INFERENCES OF ALL-SKY SOLAR IRRADIANCE USING TERRA AND AGUA MODIS SATELLITE DATA 1763

Authors: HOUBERG, R. - UNIVERSITY OF COPENHAGEN; HENRIK, S. - UNIVERSITY OF COPENHAGEN; Emmerich, William; Moran, Mary

Submitted to: International Journal of Remote Sensing
Publication Type: Peer Reviewed Journal
Publication Acceptance Date: 9/13/2006
Publication Date: 1/15/2007
Citation: Houberg, R., Henrik, S., Emmerich, W.E., Moran, M.S. 2007. Inferences of all-sky solar irradiance using Terra and Agua MODIS satellite data. International J. of Remote Sensing. 28(20): 4509-4535.

Interpretive Summary: Solar radiation is the driving force for the world energy and carbon dioxide budgets. Being able to estimate solar radiation continuously at all point on the earth surface will greatly increase our ability to understand climate and associated climate change. Presently we have estimates from individual measurement points. This work was able to take satellite remote sensing data that is available for entire earth surface and through modeling make close estimates to the actual measurements made for solar radiation at many locations in southern Arizona. This result will be of great benefit to scientist studying climate to allow for much better climatic models and to make better predictions of climate change. Society will benefit from knowing how climate is going to change and being able to make decisions on adjustments to coming climate change.

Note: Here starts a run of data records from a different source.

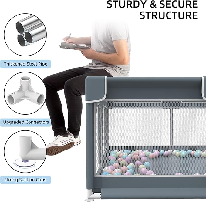 - 🧱 Sturdy Structure: Durable design prevents tipping, ensuring the playpen stays stable at all times.
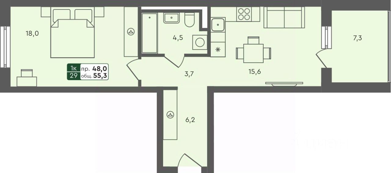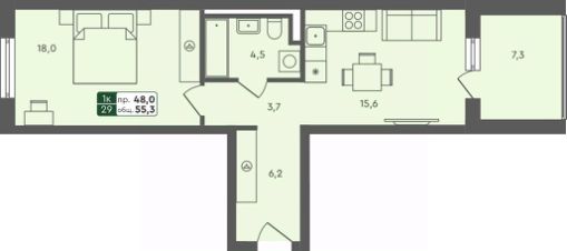 Продаётся 1-комнатная квартира в строящемся доме (ГП 1.1), срок сдачи: IV-кв. 2025, общей площадью 55.3 кв.м., на 1 этаже.
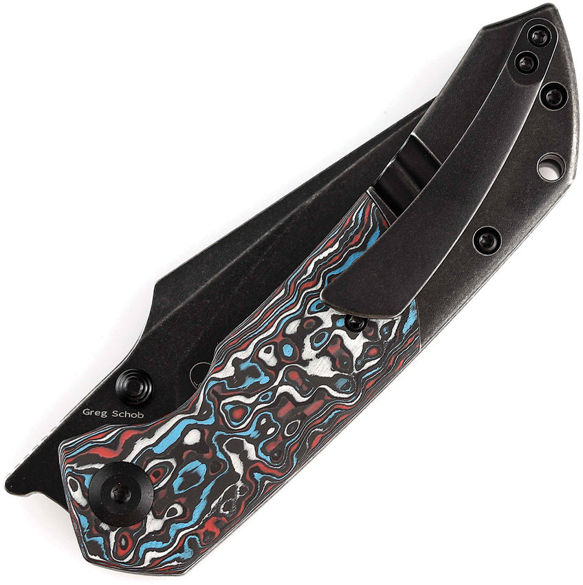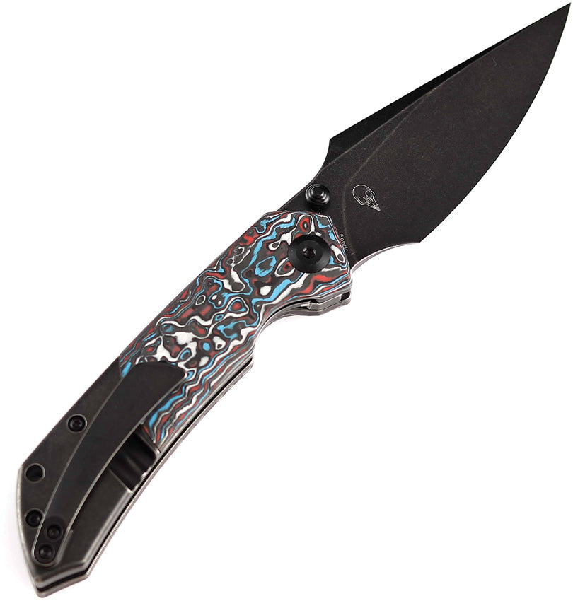4.5" (11.43cm) closed. 3.5" (8.89cm) black stonewash finish CPM S35VN stainless blade. Red, black, white, blue carbon fiber handle. Thumb stud. Lanyard hole. Pocket clip. Black nylon pouch. Boxed.
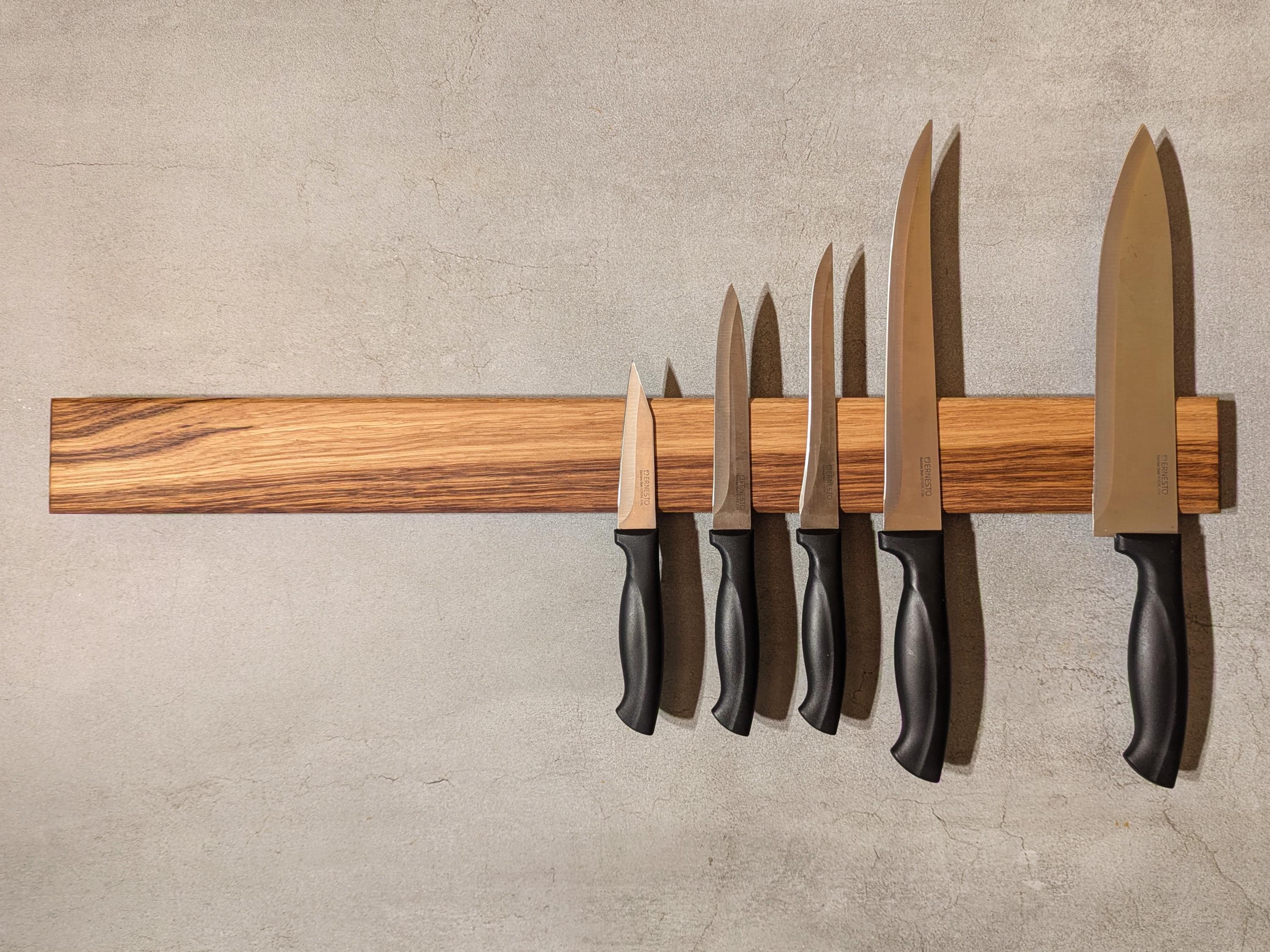 Schöne magnetische Messerleiste aus massiver Eiche – handgefertigt, stark magnetisch - perfekt für moderne Küchen! Unsichtbare Neodym-Magnete halten Messer aller gängigen Größen sicher fest. Das lebensmittelechte Öl-Finish sorgt für einen seidenmatten Glanz und hebt die warme Eichenfarbe besonders schön hervor.
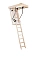 Лестница раздвижная двухсекционная, изготовлена из сосны. Термоизоляционная крышка типа "сэндвич" имеет усиленную теплозащиту, облицована с двух сторон ДСП белого цвета. По контуру короба имеется уплотнитель. Все металлические элементы лестницы покрыты порошковой краской, ступени лестницы имеют антискользящие насечки и закреплены в столярное соединение «ласточкин хвост», что позволяет выдерживать нагрузку 150 кг. При раскладывании лестницы нет вылета за пределы короба, что позволяет использовать эту модель лестницы в таких помещениях, где невозможно использовать чердачные лестницы с большим разбегом открытия. Удобна для эксплуатации на большой высоте. Деревянный стержень для открывания лестницы в комплекте..
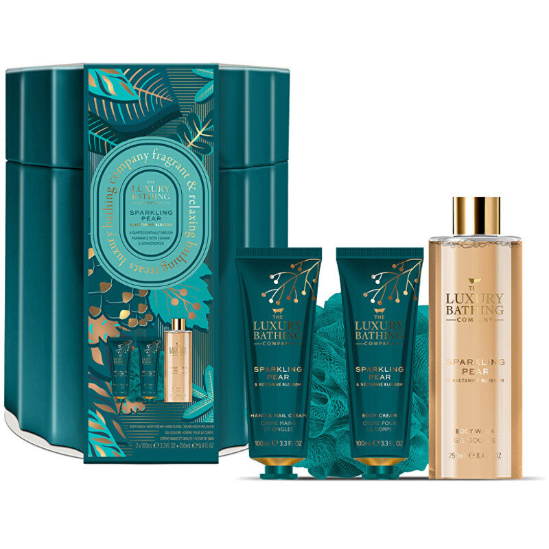 „Luxury Bathing Company“ kūno priežiūros dovanų rinkinys skardinėje dėžutėje (kriaušių ir nektarino žiedų)
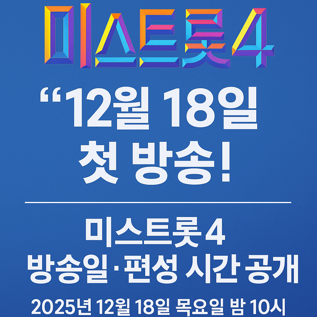미스트롯4 방송일이 드디어 확정됐습니다. TV조선 ‘미스트롯4’는 2025년 12월 18일(목) 첫 방송을 시작으로 매주 목요일 밤 10시~금요일 새벽 1시까지 3시간 편성으로 방영됩니다. 시즌3보다 강화된 지역 예선, 마스터 군단 개편, 참가자 규모 확대, 글로벌 참가자 가능성 등 시즌4만의 업그레이드 포인트를 한 번에 정리했습니다. 첫 방송일, 편성 시간, 기본 정보, 시즌4 관전 포인트까지 이 글 하나면 미스트롯4 정보 준비 끝입니다.

Technical Abstract: Solar irradiance is a key environmental control and accurate spatial and temporal solar irradiance data are important for a wide range of applications related to energy and carbon cycling, weather prediction and climate change. This study presents a satellite-based scheme for the retrieval of all-sky solar irradiance components that links a physically based clear-sky model with a neural network version of a rigorous radiative transfer model. The scheme exploits the improved cloud characterization and retrieval capabilities of the MODIS instrument onboard the Terra and satellites, and employs a cloud motion tracking scheme for the production of hourly solar irradiance data throughout the day. The scheme was implemented for the Island of Zealand, Denmark (56° N, 12° E) and Southern Arizona, USA (31° N, 110° W) permitting model evaluation for two highly contrasting climates and cloud environments. Information on the atmospheric state was provided by MODIS data products and verifications against Aerosol Robotic Network (AERONET) data demonstrated usefulness of MODIS aerosol optical depth and total precipitable water vapor retrievals for the delineation of spatial gradients. However aerosol retrievals were significantly biased for the semi-arid region and water vapor retrievals were characterized by systematic deviations from the measurements. Hourly global solar irradiance data were retrieved with overall root mean square deviations of 11.5 % (60 W m-2) and 26.6 % (72 W m-2) for Southern Arizona and the Island of Zealand, respectively and for both regions hourly satellite estimates were shown to be more reliable than pyranometer measurements from ground stations only 15 km away from the point of interest, which is comparable to the accuracy level obtainable from geostationary satellites with image acquisitions every 15 – 30 minute. The proposed scheme is particularly useful for solar irradiance mapping in high-latitude regions as data from geostationary satellites experience a gradual degradation in spatial resolution and overall quality with latitude and become unusable above approximately 60° latitude. However, in principle the scheme can be applied anywhere on the globe and a synergistic use of MODIS and geostationary satellite datasets may be envisaged for some applications.